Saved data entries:

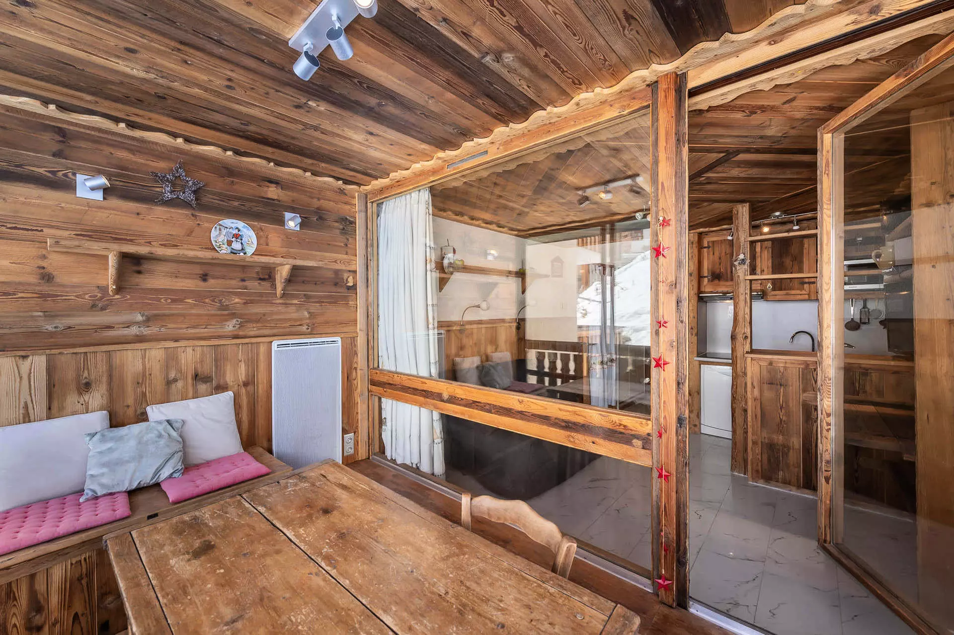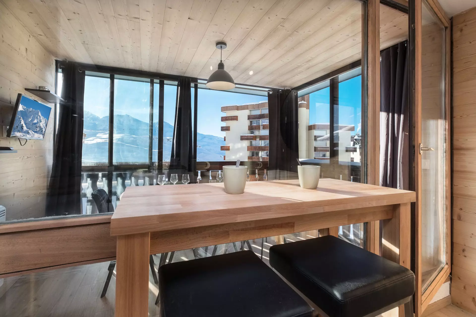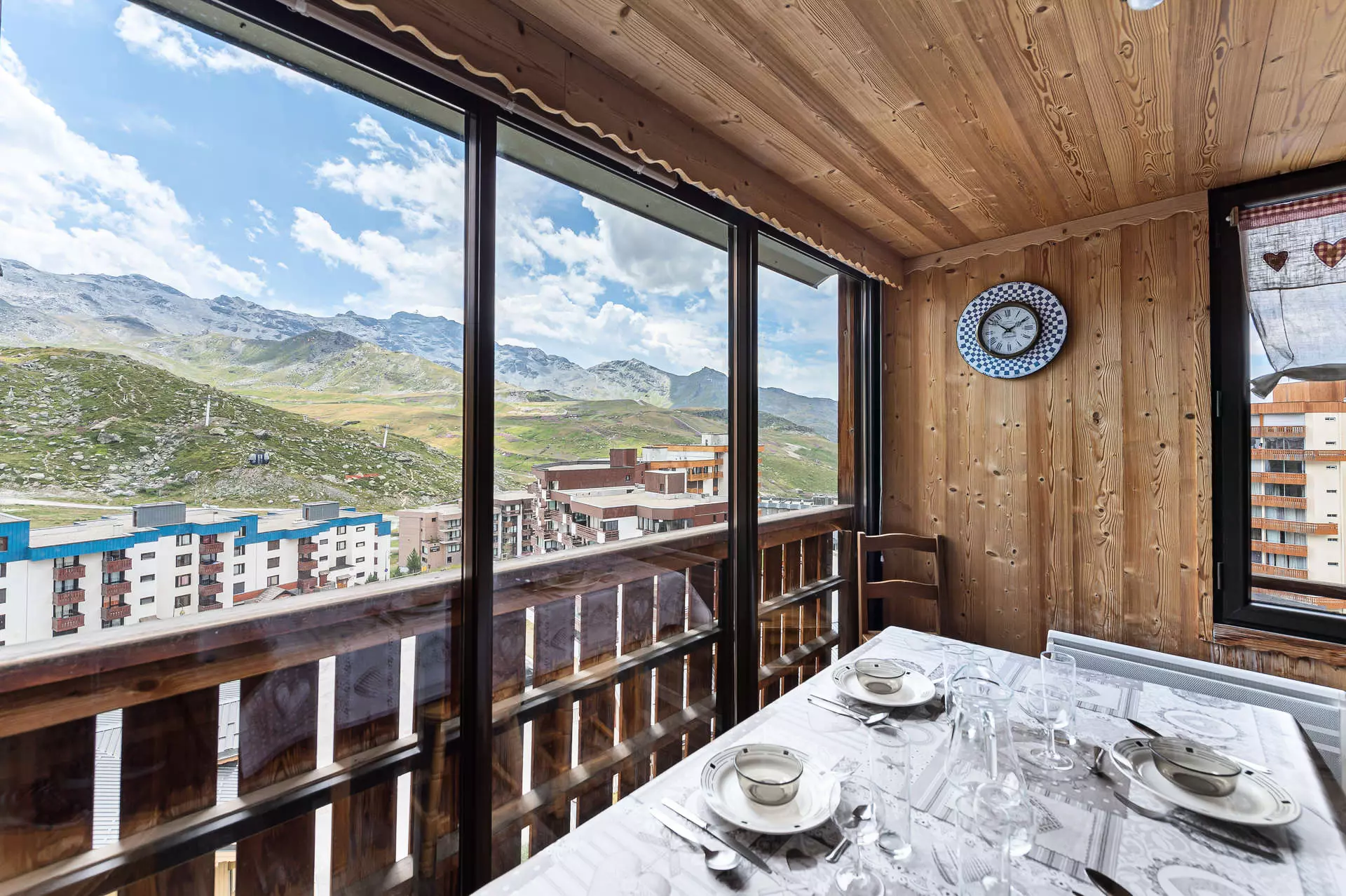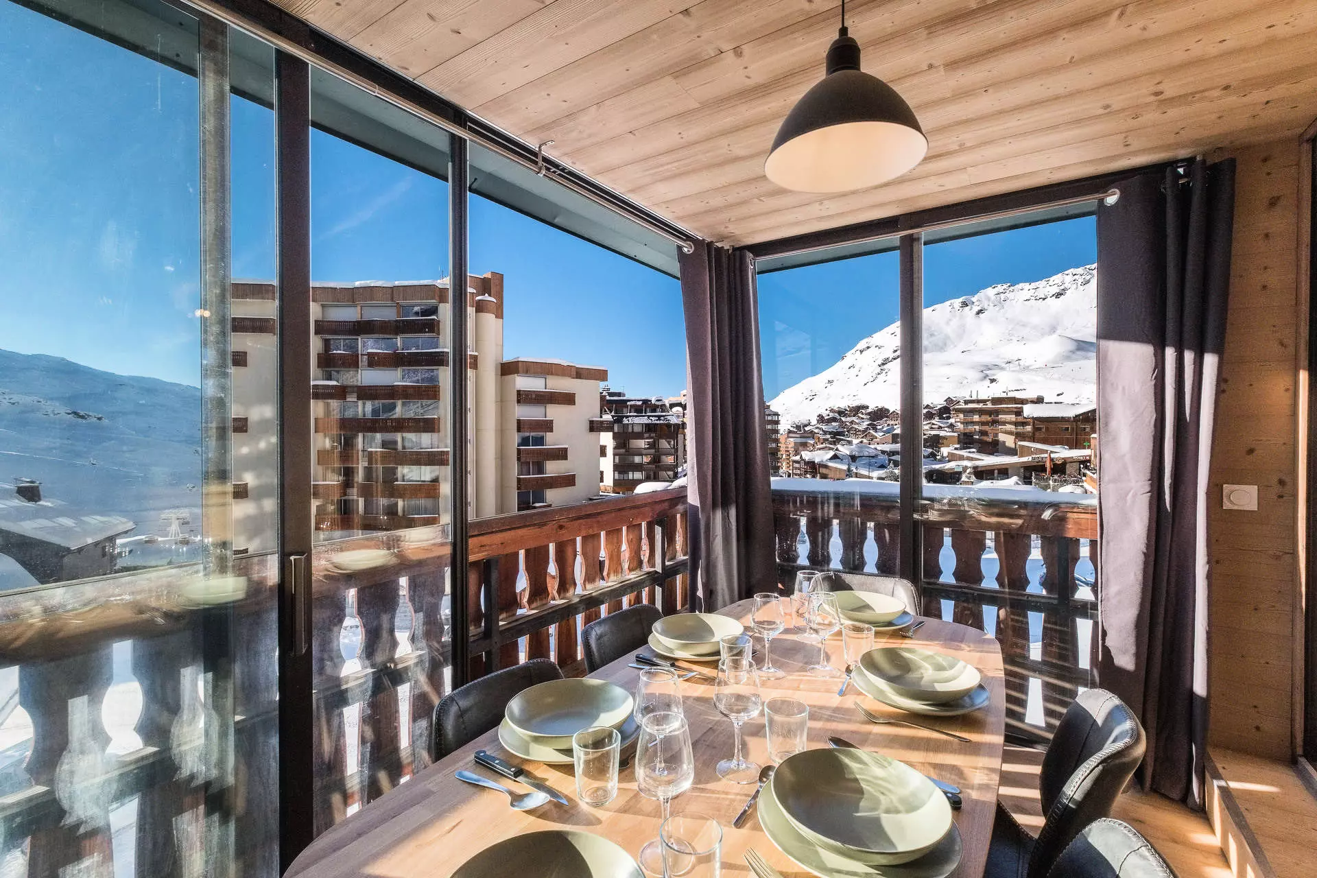 L'espace repas chaleureux dans la véranda offre une ambiance conviviale et lumineuse. La salle de bain est équipée d'une douche, et les toilettes sont séparées pour plus de praticité. Idéalement situé à proximité des pistes de ski et du centre, dans un quartier calme de Val Thorens, cet appartement est apprécié des touristes en quête d'une expérience montagnarde authentique et confortable. Profitez d'un séjour mémorable dans cet havre de tranquillité au cœur de l'animation de Val Thorens.
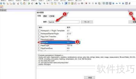 11、 进入插件管理界面,切换至可用选项卡,在搜索框内键入NppCalc,勾选结果中的插件名称,随后点击安装按钮即可完成插件的安装操作。
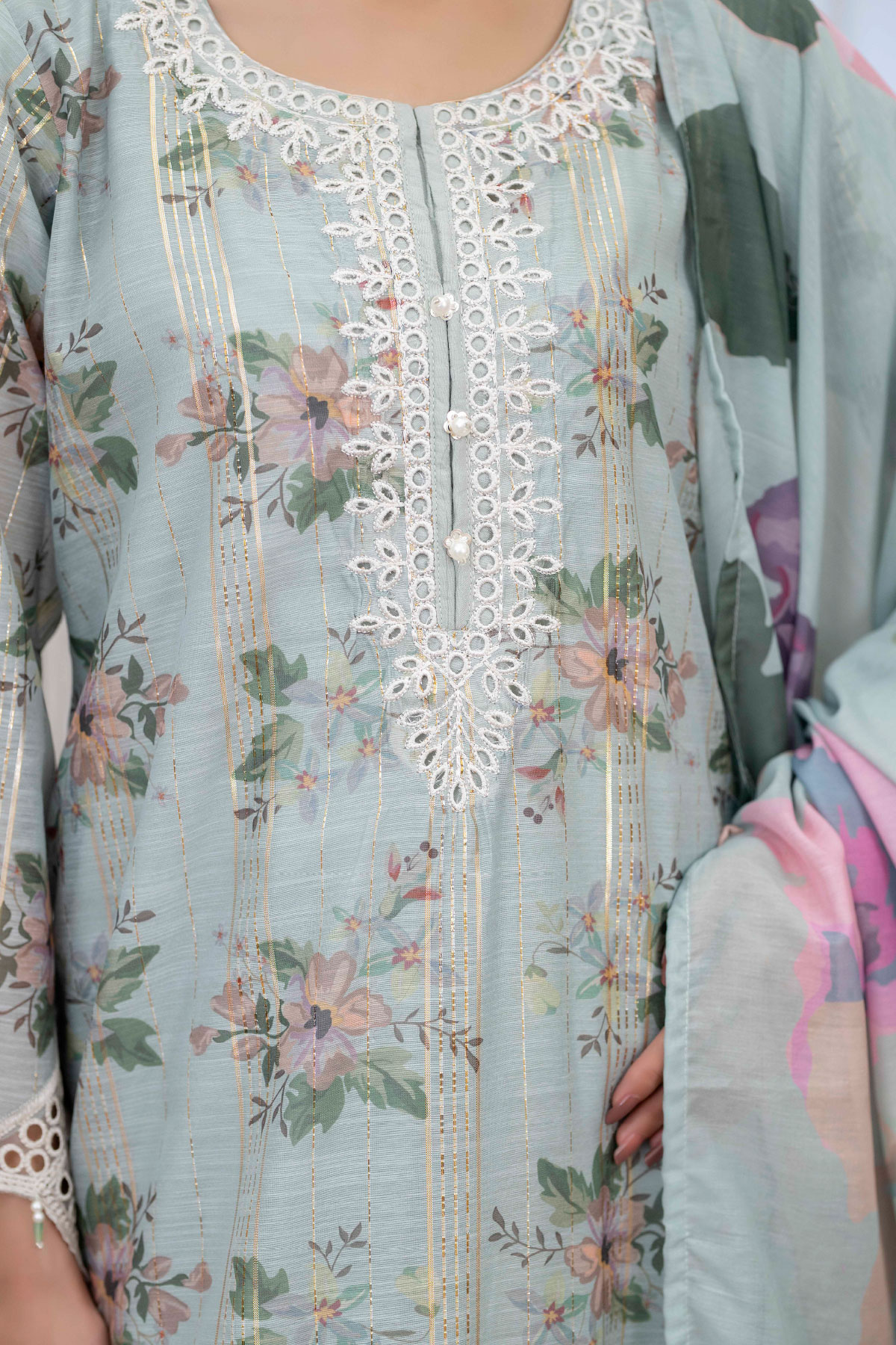 This beautiful Elle collection 3 piece suit features a straight digital printed shirt with thread work embroidery on the front and border, finished with full length embroidered sleeves. Paired with a tulip shalwar and the look is finished with a digital printed dupatta. Perfect casual collection for this Eid season.
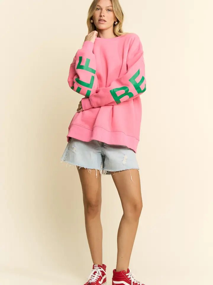 Embrace your authentic self in this comfortable oversized sweatshirt featuring an empowering "Be Yourself Love Yourself" print. Crafted from soft, breathable fabric, this relaxed-fit piece is perfect for casual days when you want to feel confident and cozy. The bold graphic serves as a daily reminder to celebrate who you are. Ideal for layering or wearing solo, this versatile sweatshirt pairs effortlessly with jeans, joggers, or leggings for an effortlessly cool look.
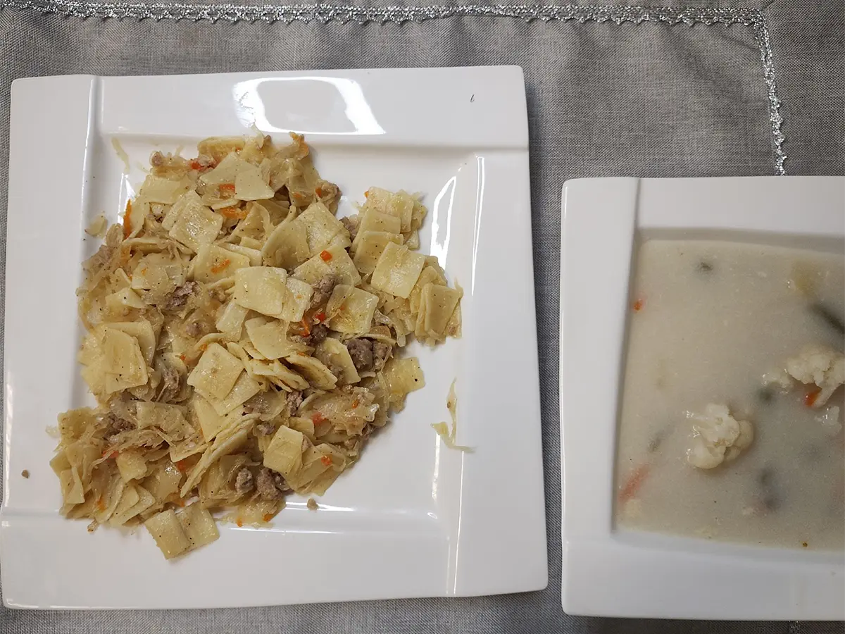 gotowane łazanki z mięsem wieprzowym i kapustą kiszoną |
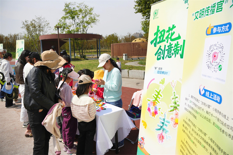 亲子志愿者制作并赠送扭扭花,向市民宣传文明赏花理念。向真 摄
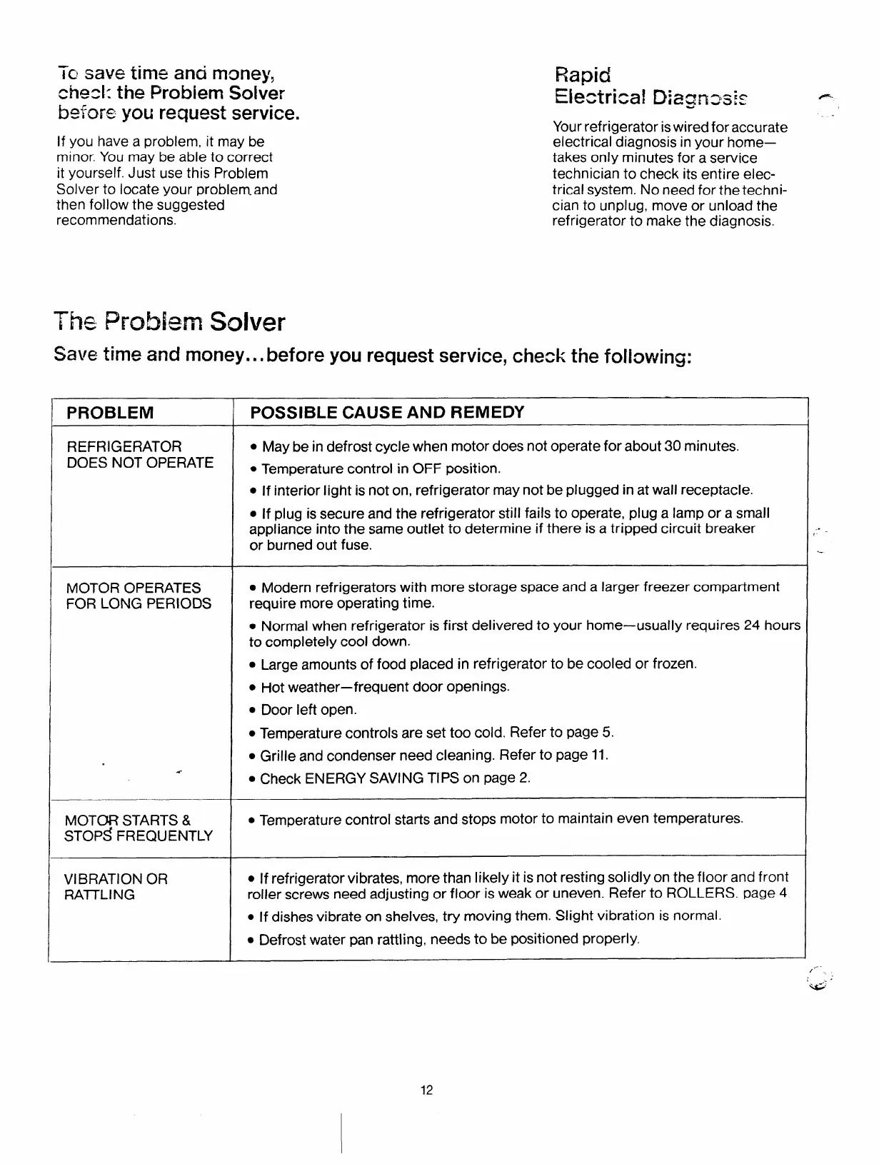 ● If refrigeratorvibrates,morethanlikely it is not resting solidly on the floor and front
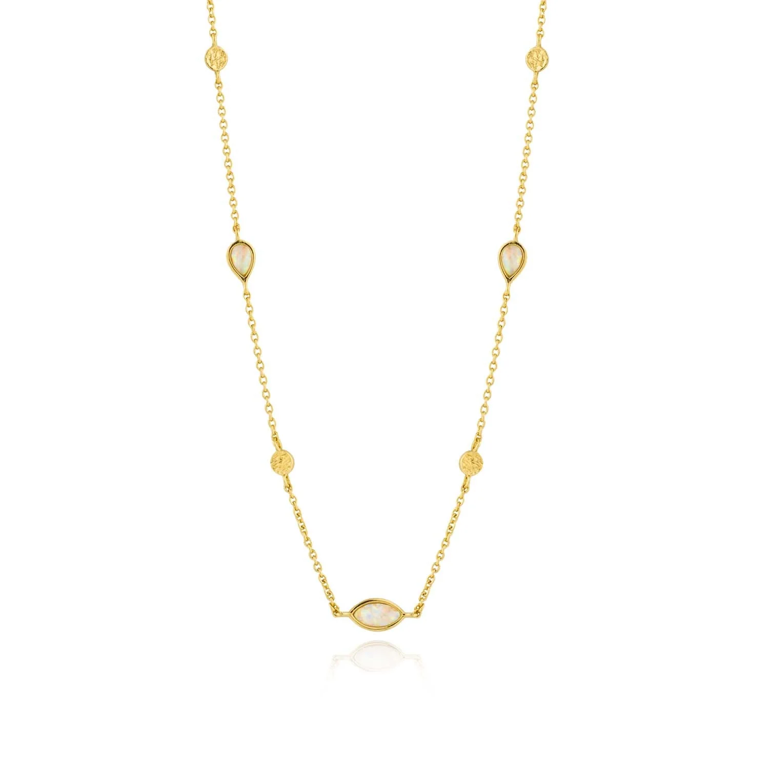 The Ania Haie Opal Colour Necklace in gold offers an effortless expression of elegance, blending modern design with timeless luxury. Crafted from 925 sterling silver and adorned with 14kt gold plating, this piece features a central marquise-cut opal-colour stone, four textured discs, and two petite teardrop accents for a refined touch. Its graceful silhouette and adjustable extender ensure versatile wear, while the spring clasp provides seamless fastening. Perfect as a statement women’s necklace, it showcases Ania Haie’s reputation for distinctive jewelry with sophisticated appeal, elevating any ensemble with a luminous finish.

# TASK DETAILS
Any picture in the data is to be skipped, while each line is returned exactly as written.

# RESPONSE
 L'espace repas chaleureux dans la véranda offre une ambiance conviviale et lumineuse. La salle de bain est équipée d'une douche, et les toilettes sont séparées pour plus de praticité. Idéalement situé à proximité des pistes de ski et du centre, dans un quartier calme de Val Thorens, cet appartement est apprécié des touristes en quête d'une expérience montagnarde authentique et confortable. Profitez d'un séjour mémorable dans cet havre de tranquillité au cœur de l'animation de Val Thorens.
 11、 进入插件管理界面,切换至可用选项卡,在搜索框内键入NppCalc,勾选结果中的插件名称,随后点击安装按钮即可完成插件的安装操作。
 This beautiful Elle collection 3 piece suit features a straight digital printed shirt with thread work embroidery on the front and border, finished with full length embroidered sleeves. Paired with a tulip shalwar and the look is finished with a digital printed dupatta. Perfect casual collection for this Eid season.
 Embrace your authentic self in this comfortable oversized sweatshirt featuring an empowering "Be Yourself Love Yourself" print. Crafted from soft, breathable fabric, this relaxed-fit piece is perfect for casual days when you want to feel confident and cozy. The bold graphic serves as a daily reminder to celebrate who you are. Ideal for layering or wearing solo, this versatile sweatshirt pairs effortlessly with jeans, joggers, or leggings for an effortlessly cool look.
 gotowane łazanki z mięsem wieprzowym i kapustą kiszoną |
 亲子志愿者制作并赠送扭扭花,向市民宣传文明赏花理念。向真 摄
 ● If refrigeratorvibrates,morethanlikely it is not resting solidly on the floor and front
 The Ania Haie Opal Colour Necklace in gold offers an effortless expression of elegance, blending modern design with timeless luxury. Crafted from 925 sterling silver and adorned with 14kt gold plating, this piece features a central marquise-cut opal-colour stone, four textured discs, and two petite teardrop accents for a refined touch. Its graceful silhouette and adjustable extender ensure versatile wear, while the spring clasp provides seamless fastening. Perfect as a statement women’s necklace, it showcases Ania Haie’s reputation for distinctive jewelry with sophisticated appeal, elevating any ensemble with a luminous finish.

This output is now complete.